***** DATA TO USE
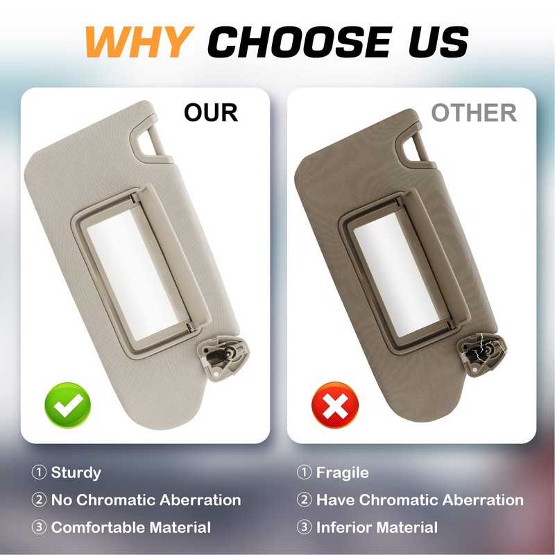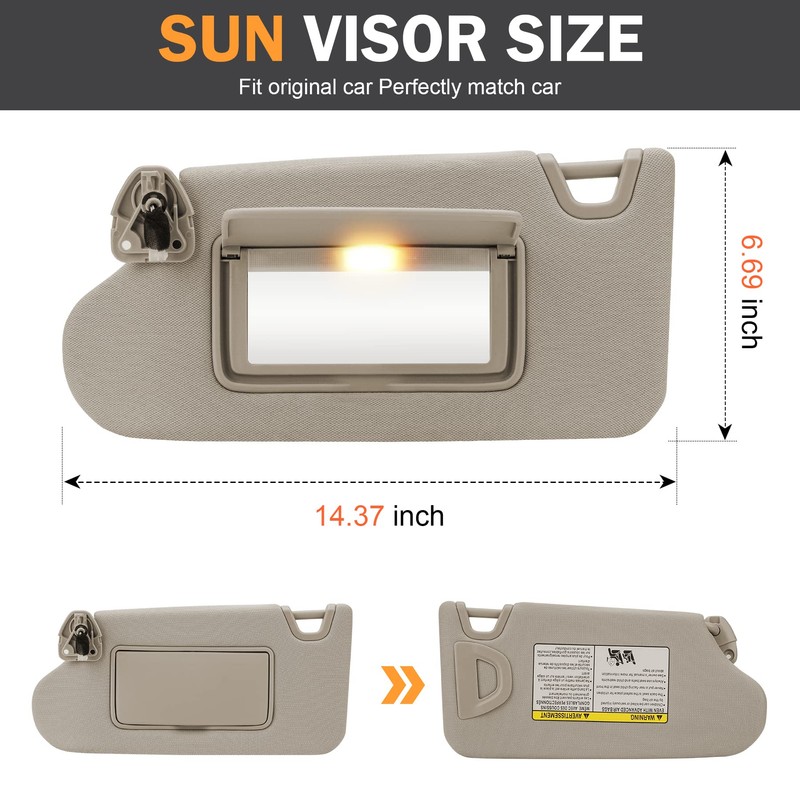 - 【Feature】Left Driver Side Sun Visor with Mirror and Light without Sunroof, Beige
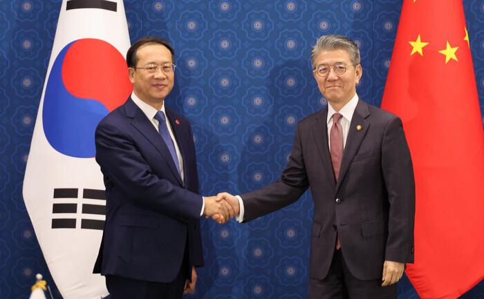South Korea's First Vice Foreign Minister Kim Hong-kyun (R) poses with his Chinese counterpart, Ma Zhaoxu, prior to their strategic dialogue at the foreign ministry in Seoul on July 24, 2024. (Yonhap)
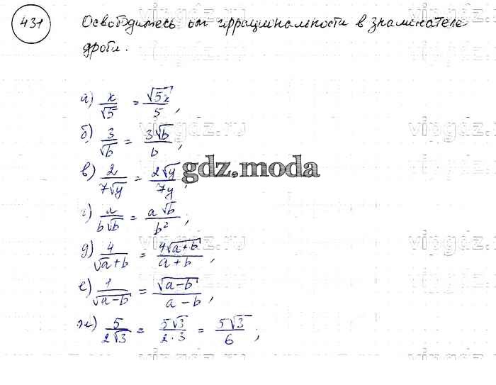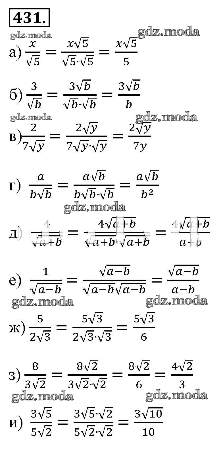 ОТВЕТ на задание № 431 Учебник по Алгебре 8 класс Макарычев
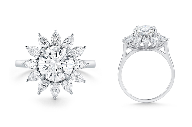 This handmade engagement ring features a 2.40-carat round brilliant-cut center stone surrounded by a halo of marquise-shaped diamonds weighing a total of 1.10 carats ($32,500 retail, including center stone).
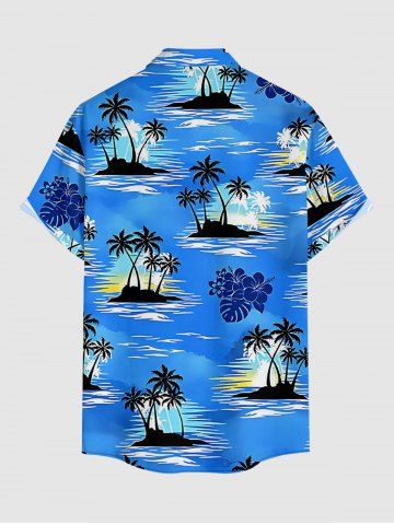 Short Sleeves Shirts > Plus Size Tropical Leaf Hibiscus Flower Coconut Tree Sea Print Hawaii Button Pocket Shirt For Men
**********
TASK DETAILS: Before copying the material, set its pictures aside; then transcribe it word for word.

WRITTEN SOLUTION:
 - 【Feature】Left Driver Side Sun Visor with Mirror and Light without Sunroof, Beige
South Korea's First Vice Foreign Minister Kim Hong-kyun (R) poses with his Chinese counterpart, Ma Zhaoxu, prior to their strategic dialogue at the foreign ministry in Seoul on July 24, 2024. (Yonhap)
 ОТВЕТ на задание № 431 Учебник по Алгебре 8 класс Макарычев
 This handmade engagement ring features a 2.40-carat round brilliant-cut center stone surrounded by a halo of marquise-shaped diamonds weighing a total of 1.10 carats ($32,500 retail, including center stone).
 Short Sleeves Shirts > Plus Size Tropical Leaf Hibiscus Flower Coconut Tree Sea Print Hawaii Button Pocket Shirt For Men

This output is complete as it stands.